A verbatim reproduction of the lines below, from the line containing "On Christmas Eve, we'll" through the line containing "Als Spitze kann", both ends included, is the whole required output.

(Provided records)

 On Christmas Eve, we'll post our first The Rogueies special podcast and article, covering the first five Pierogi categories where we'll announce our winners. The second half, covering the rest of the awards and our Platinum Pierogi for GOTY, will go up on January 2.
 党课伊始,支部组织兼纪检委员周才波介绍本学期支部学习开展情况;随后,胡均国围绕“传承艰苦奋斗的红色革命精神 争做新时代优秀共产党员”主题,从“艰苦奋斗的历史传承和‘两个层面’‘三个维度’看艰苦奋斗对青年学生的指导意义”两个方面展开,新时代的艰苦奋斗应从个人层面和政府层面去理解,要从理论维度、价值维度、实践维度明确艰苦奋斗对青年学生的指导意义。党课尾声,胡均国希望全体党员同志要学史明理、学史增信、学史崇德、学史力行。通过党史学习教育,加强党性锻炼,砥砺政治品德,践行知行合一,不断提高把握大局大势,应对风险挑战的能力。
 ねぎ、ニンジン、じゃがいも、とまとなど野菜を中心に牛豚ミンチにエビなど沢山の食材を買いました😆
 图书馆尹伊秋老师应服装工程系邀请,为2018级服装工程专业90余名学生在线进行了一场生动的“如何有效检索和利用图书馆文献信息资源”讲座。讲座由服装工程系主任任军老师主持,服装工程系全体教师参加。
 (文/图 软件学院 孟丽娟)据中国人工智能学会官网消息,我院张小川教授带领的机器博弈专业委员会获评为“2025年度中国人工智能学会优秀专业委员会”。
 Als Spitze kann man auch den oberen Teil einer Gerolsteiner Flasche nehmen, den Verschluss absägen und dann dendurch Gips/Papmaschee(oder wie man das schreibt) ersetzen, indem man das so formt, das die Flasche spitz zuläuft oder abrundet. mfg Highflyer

(End Provided records)
(Provided records)

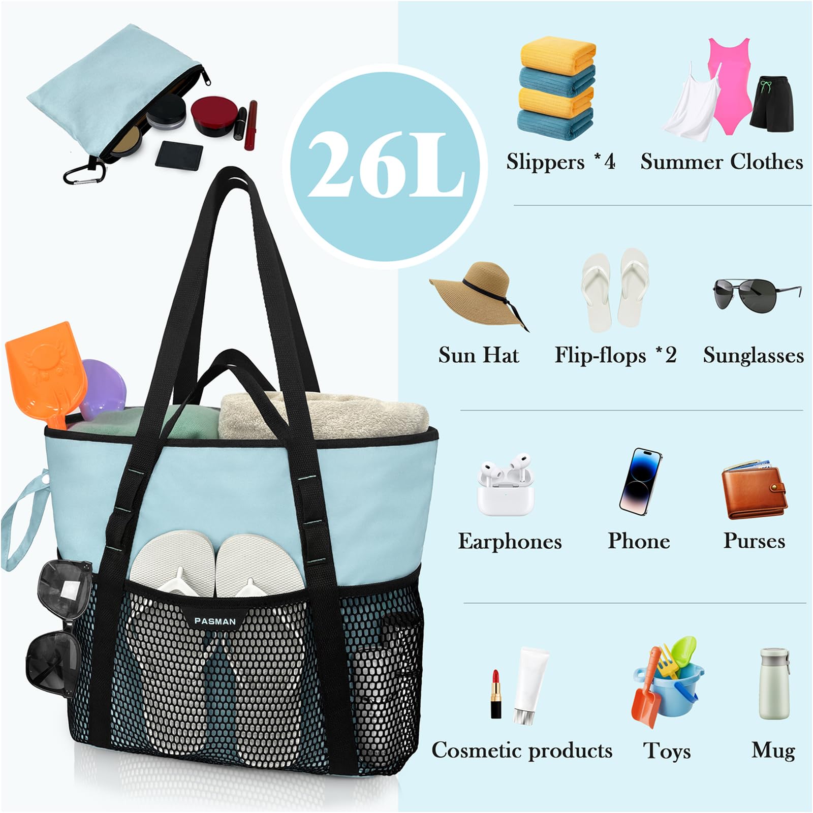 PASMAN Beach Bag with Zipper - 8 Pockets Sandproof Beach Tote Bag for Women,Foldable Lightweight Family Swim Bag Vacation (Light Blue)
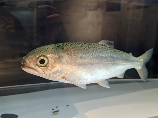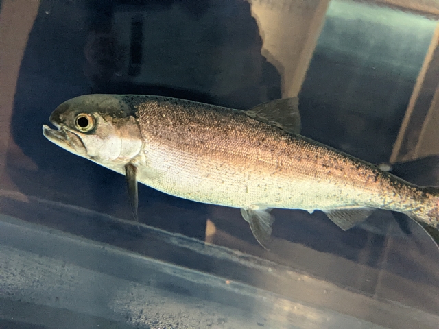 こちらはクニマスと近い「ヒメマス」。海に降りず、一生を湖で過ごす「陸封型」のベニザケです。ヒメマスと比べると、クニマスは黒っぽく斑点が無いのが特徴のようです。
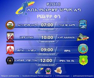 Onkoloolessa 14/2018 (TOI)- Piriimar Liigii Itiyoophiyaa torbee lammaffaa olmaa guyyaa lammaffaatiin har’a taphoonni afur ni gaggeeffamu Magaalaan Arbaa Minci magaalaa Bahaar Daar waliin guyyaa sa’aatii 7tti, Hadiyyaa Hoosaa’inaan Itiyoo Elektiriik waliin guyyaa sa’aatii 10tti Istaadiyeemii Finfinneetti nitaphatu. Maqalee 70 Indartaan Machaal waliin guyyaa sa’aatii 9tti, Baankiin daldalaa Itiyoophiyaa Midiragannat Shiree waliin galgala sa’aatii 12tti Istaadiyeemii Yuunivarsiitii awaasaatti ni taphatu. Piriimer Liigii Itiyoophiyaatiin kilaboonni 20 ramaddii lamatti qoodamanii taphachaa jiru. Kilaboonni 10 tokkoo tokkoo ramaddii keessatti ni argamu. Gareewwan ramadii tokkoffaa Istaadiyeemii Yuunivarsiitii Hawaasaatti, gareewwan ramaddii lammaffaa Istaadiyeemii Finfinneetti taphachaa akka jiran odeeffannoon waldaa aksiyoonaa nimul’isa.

(End Provided records)

§ **Exercise response**:
 On Christmas Eve, we'll post our first The Rogueies special podcast and article, covering the first five Pierogi categories where we'll announce our winners. The second half, covering the rest of the awards and our Platinum Pierogi for GOTY, will go up on January 2.
 党课伊始,支部组织兼纪检委员周才波介绍本学期支部学习开展情况;随后,胡均国围绕“传承艰苦奋斗的红色革命精神 争做新时代优秀共产党员”主题,从“艰苦奋斗的历史传承和‘两个层面’‘三个维度’看艰苦奋斗对青年学生的指导意义”两个方面展开,新时代的艰苦奋斗应从个人层面和政府层面去理解,要从理论维度、价值维度、实践维度明确艰苦奋斗对青年学生的指导意义。党课尾声,胡均国希望全体党员同志要学史明理、学史增信、学史崇德、学史力行。通过党史学习教育,加强党性锻炼,砥砺政治品德,践行知行合一,不断提高把握大局大势,应对风险挑战的能力。
 ねぎ、ニンジン、じゃがいも、とまとなど野菜を中心に牛豚ミンチにエビなど沢山の食材を買いました😆
 图书馆尹伊秋老师应服装工程系邀请,为2018级服装工程专业90余名学生在线进行了一场生动的“如何有效检索和利用图书馆文献信息资源”讲座。讲座由服装工程系主任任军老师主持,服装工程系全体教师参加。
 (文/图 软件学院 孟丽娟)据中国人工智能学会官网消息,我院张小川教授带领的机器博弈专业委员会获评为“2025年度中国人工智能学会优秀专业委员会”。
 Als Spitze kann man auch den oberen Teil einer Gerolsteiner Flasche nehmen, den Verschluss absägen und dann dendurch Gips/Papmaschee(oder wie man das schreibt) ersetzen, indem man das so formt, das die Flasche spitz zuläuft oder abrundet. mfg Highflyer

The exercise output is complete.